The Madison Metro School District currently rents a space on Olin Avenue which serves as the base for four of the district’s intensive intervention programs.
About 500 elementary and middle school students with disabilities in the district are referred to the intensive support team each year.
Of those 500, the team selected 36 students who also require a high degree of individualized instruction and support to participate in the programs this year.
Last night, in an effort to reduce its leasing costs and provide these students with their own space, the Madison school board approved making a $4.5 million purchase of the building at 333 Holtzman Road to house the intervention programs.
Martha Olsen is the Assistant Director of Special Education for the Madison school district. She says that even though the District has been committed to supporting students with disabilities in the past, it can still do better.
“Our students share public restrooms, hallways, and common spaces with anybody that walks into that building,” Olsen says. “While our landlord is very supportive of us and our programs, we’re also reminded that we need to be a little more quiet, watch out for the cars driving in and out, and leave the landscape rocks alone, because it’s not our space.”

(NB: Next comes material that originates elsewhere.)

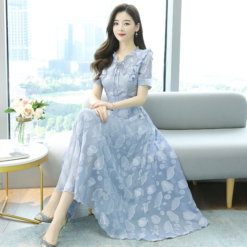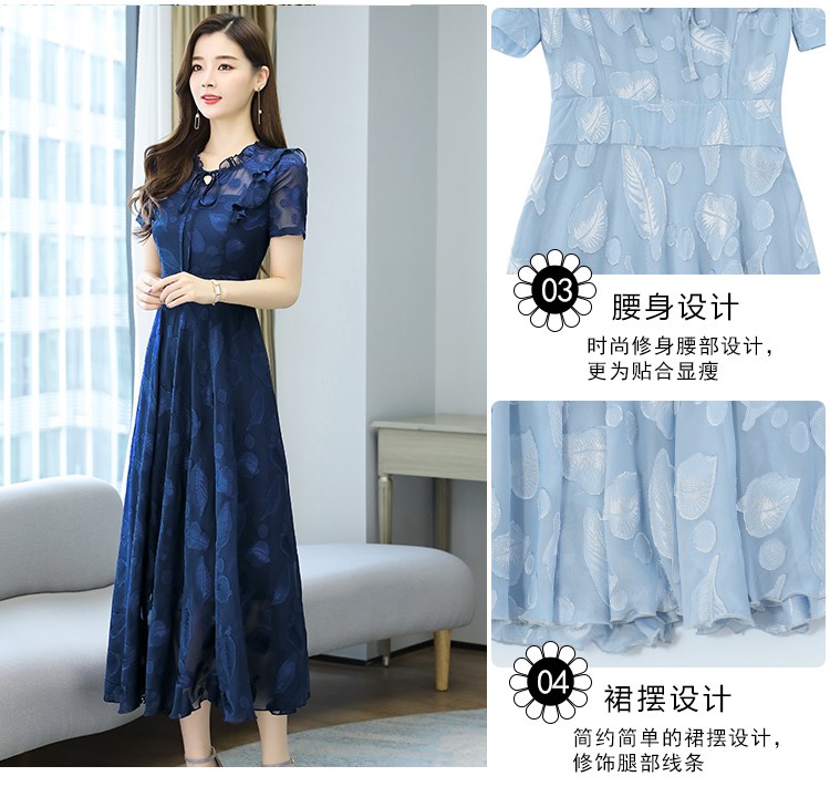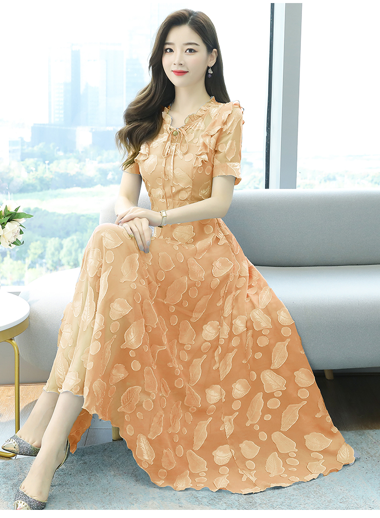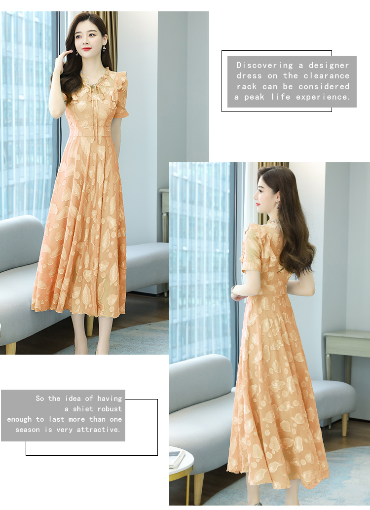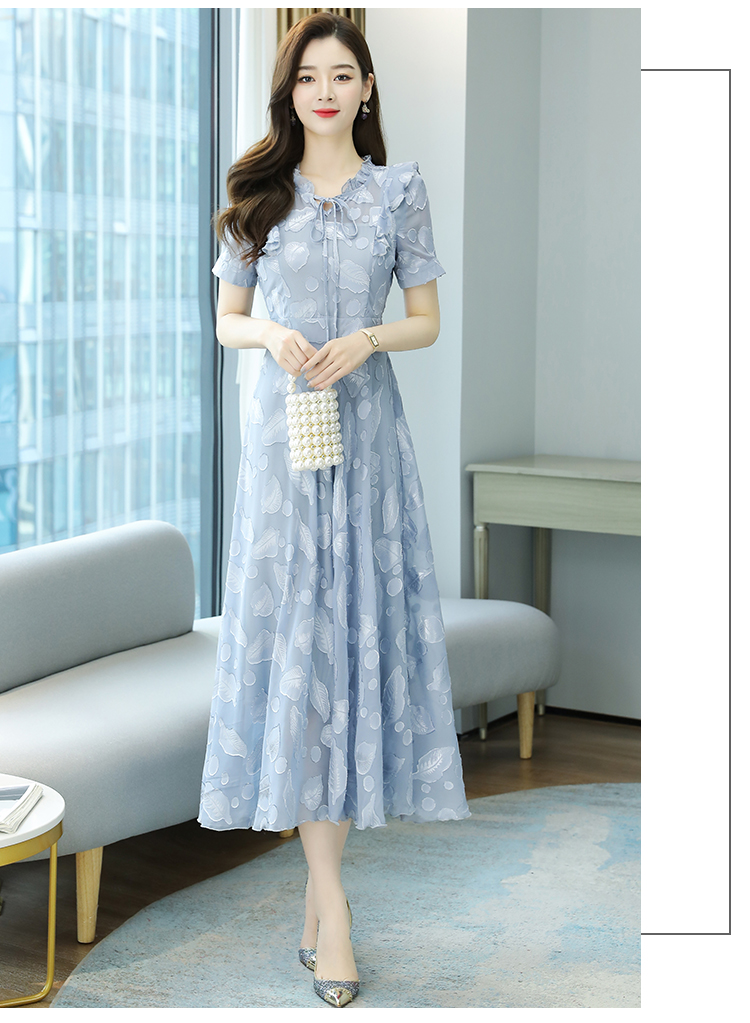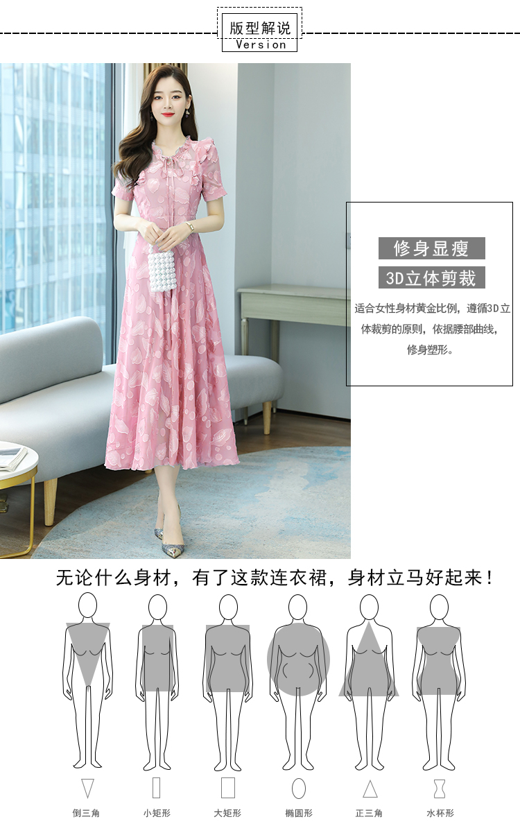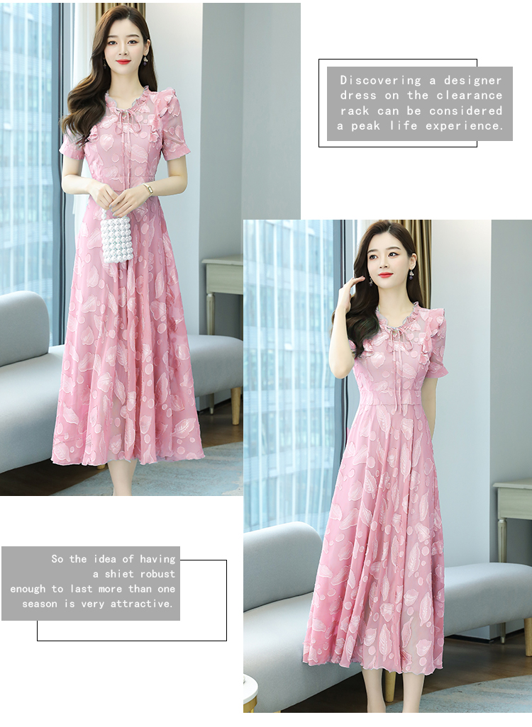 RY2243#雪纺连衣裙2026新款夏流行裙子长款提花花收腰大摆裙女
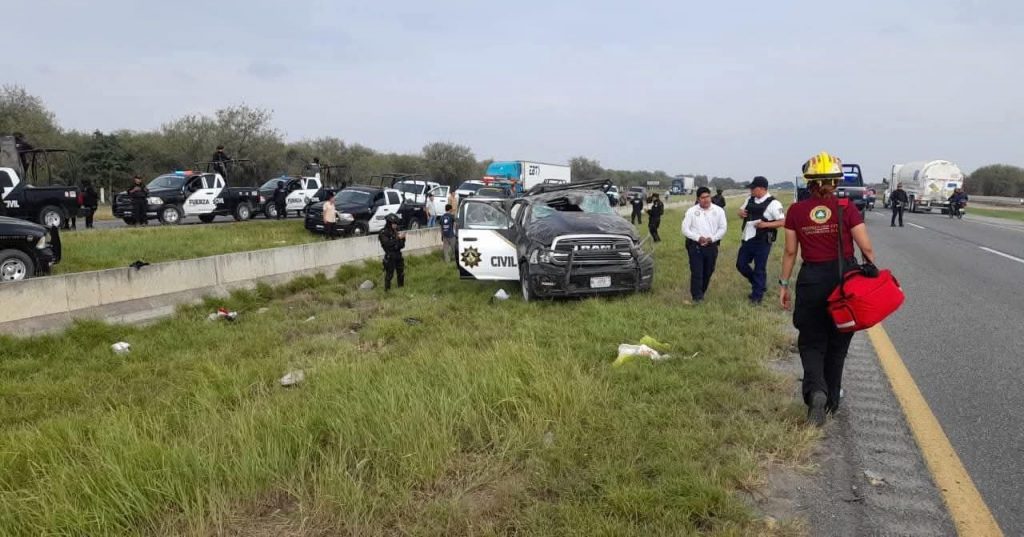 Patrulla de Fuerza Civil volcó y 6 elementos salieron volando por los aires

Olsen also says her students deserve a safe environment, but opponents of the proposal argue that separating students with disabilities from their peers amounts to segregation.
Andrea Ruppar, a professor of special education at the University of Wisconsin-Madison, says that removing students with disabilities from their peers defeats the whole purpose of special education.
“Special education cannot exist in the absence of general education because our goal as special educators is to support students’ access to the general curriculum,” Ruppar says. “If we don’t have a general curriculum, then there’s nothing for us to help students access. Then special educators are put in a position of making a whole curriculum for one, or two, or three, or five students.”
Ruppar also says that segregating students with disabilities leads to poorer educational outcomes, and makes it more likely that they will be segregated as adults.
In a four to three vote, the school board voted to approve the purchase of the building last night.
School board member Ali Muldrow was one who voted to buy the site.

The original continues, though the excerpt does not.